5
+-------------------------------------------------+-----------------+---------------------+
| landing_page                                    | all_impressions | dates               |
+-------------------------------------------------+-----------------+---------------------+
| https://www.example.co.uk/url-1                 |           53977 | 2018-08-19 13:59:40 |
| https://www.example.co.uk/url-1                 |             610 | 2018-09-19 13:59:40 |
| https://www.example.co.uk/url-1                 |            555  | 2018-10-19 13:59:40 |
| https://www.example.co.uk/url-1                 |            23   | 2018-11-19 13:59:40 |
| https://www.example.co.uk/                      |            1000 | 2018-06-19 13:59:40 |
| https://www.example.co.uk/                      |               2 | 2018-07-19 13:59:40 |
| https://www.example.co.uk/                      |               4 | 2018-08-19 13:59:40 |
| https://www.example.co.uk/                      |            1563 | 2018-09-19 13:59:40 |
| https://www.example.co.uk/                      |               1 | 2018-10-19 13:59:40 |
| https://www.example.co.uk/                      |            9812 | 2018-11-19 13:59:40 |
+-------------------------------------------------+-----------------+---------------------+

With the above database table, I only want to select the landing_page if the impression count is the max for the current date - For example, from this, the select would return https://www.example.co.uk/ only as the current month it's all_impressions value is it's highest for November (https://www.example.co.uk/url-1  would not be selected as it's highest value was in August)

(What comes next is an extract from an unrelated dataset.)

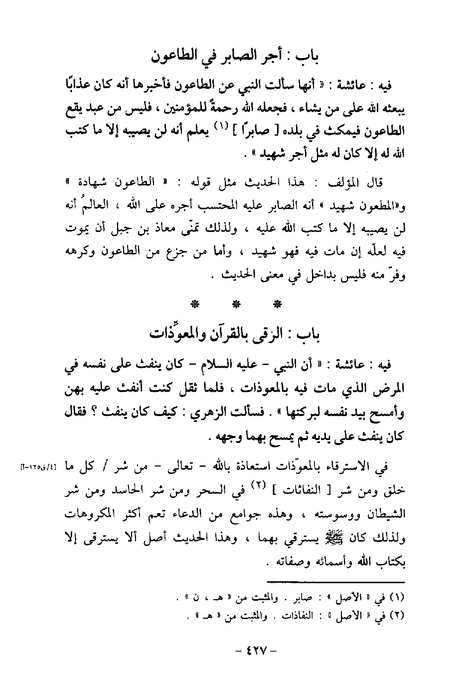 / 42 - فيه: عَائِشَةَ، أَنَّ النَّبِى عليه السلام كَانَ يَنْفُثُ عَلَى نَفْسِهِ فِى الْمَرَضِ الَّذِى مَاتَ فِيهِ بِالْمُعَوِّذَاتِ، فَلَمَّا ثَقُلَ، كُنْتُ أَنْفِثُ عَلَيْهِ بِهِنَّ، وَأَمْسَحُ بِيَدِ نَفْسِهِ لِبَرَكَتِهَا، فَسَأَلْتُ الزُّهْرِىَّ: كَيْفَ يَنْفِثُ؟ قَالَ: كَانَ يَنْفِثُ عَلَى يَدَيْهِ، ثُمَّ يَمْسَحُ بِهِمَا وَجْهَهُ. فى الاسترقاء بالمعوذات استاذة بالله تعالى من شر كل من خلق ومن شر النفاثات فى السحر ومن شر الحاسد ومن شر الشيطان ووسوسته، وهذه جوامع من الدعاء تعم أكثر المكروهات ولذلك كان عليه السلام يسترقى بهما، وهذا الحديث أصل ألا يسترقى إلا بكتاب الله وأسمائه وصفاته.

How might I do this with SQL?

index info:

mysql> show indexes from landing_pages_client_v3;
+-------------------------+------------+--------------+--------------+-------------+-----------+-------------+----------+--------+------+------------+---------+---------------+
| Table                   | Non_unique | Key_name     | Seq_in_index | Column_name | Collation | Cardinality | Sub_part | Packed | Null | Index_type | Comment | Index_comment |
+-------------------------+------------+--------------+--------------+-------------+-----------+-------------+----------+--------+------+------------+---------+---------------+
| landing_pages_client_v3 |          0 | PRIMARY      |            1 | id          | A         |    24279939 |     NULL | NULL   |      | BTREE      |         |               |
| landing_pages_client_v3 |          1 | profile_id   |            1 | profile_id  | A         |          17 |     NULL | NULL   | YES  | BTREE      |         |               |
| landing_pages_client_v3 |          1 | profile_id   |            2 | dates       | A         |          17 |     NULL | NULL   |      | BTREE      |         |               |
| landing_pages_client_v3 |          1 | profile_id_2 |            1 | profile_id  | A         |          17 |     NULL | NULL   | YES  | BTREE      |         |               |
| landing_pages_client_v3 |          1 | profile_id_2 |            2 | lp_id       | A         |     6069984 |     NULL | NULL   | YES  | BTREE      |         |               |
+-------------------------+------------+--------------+--------------+-------------+-----------+-------------+----------+--------+------+------------+---------+---------------+
Adders
  • 665
  • 8
  • 29

3 Answers3

3

In a Derived Table, get the maximum value of all_impressions for every landing_page. Join back to the main table to get the row corresponding to maximum all_impressions value.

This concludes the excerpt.